Redirecting Funds to ARKB
ARK Investment Management’s ARK Next Generation Internet ETF (ARKW) sold off $16 million of its position in the ProShares Bitcoin ETF (BITO) on Tuesday. The funds were used to purchase 365,427 shares of ARK’s own 21 Shares Bitcoin ETF (ARKB), now making up 1% of ARKW’s total holdings.
Gaining Scale Crucial in Crowded Market
With the SEC approving 11 spot Bitcoin ETFs simultaneously last week, first-mover advantage is out the window. Gaining scale has become vital, as many financial advisors and platforms have minimum asset requirements for inclusion. Buying up shares of its own ETF allows ARK to quickly gain assets under management.

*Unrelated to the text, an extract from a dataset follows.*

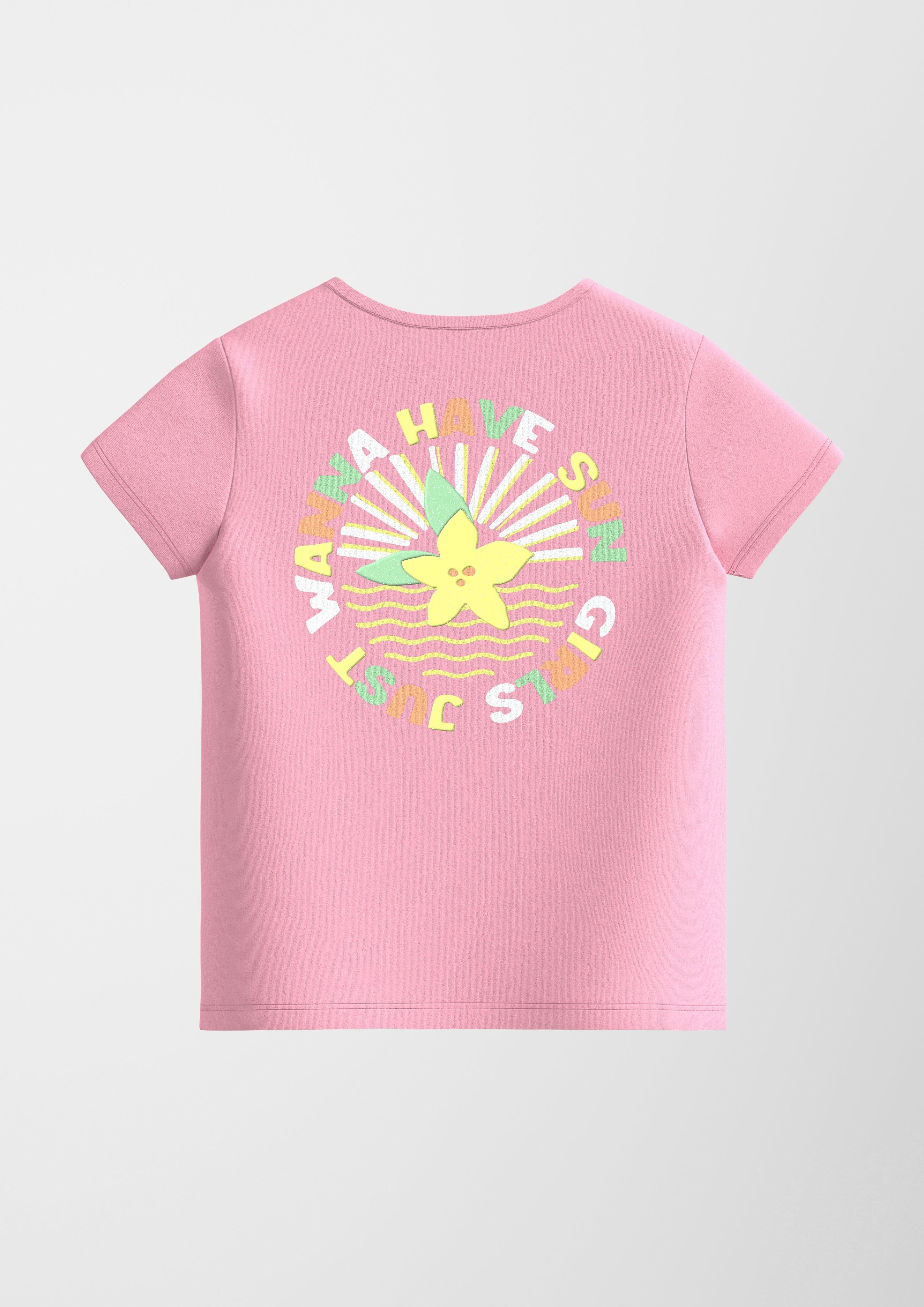 S.Oliver Mädchen Shirt Mit Glitzerprint & Puffärmeln - Weiches Langarmshirt Mit Druckknöpfen

Exiting GBTC Position Previously
Last December, ARK Invest sold out of its position in the Grayscale Bitcoin Trust (GBTC) ahead of its conversion to a spot Bitcoin ETF. It put nearly $100 million of the proceeds into the ProShares Bitcoin ETF (BITO) while awaiting SEC approval of spot ETFs. This move was intended to be temporary, providing secure Bitcoin exposure while approvals were still pending.
Allocating funds from ARKW to rapidly scale up ARKB positions ARK Investment Management to compete in the crowded Bitcoin ETF marketplace. As the simultaneous approval of multiple funds negates any first-mover advantage, asset scale and inclusion in model portfolios will likely determine winners.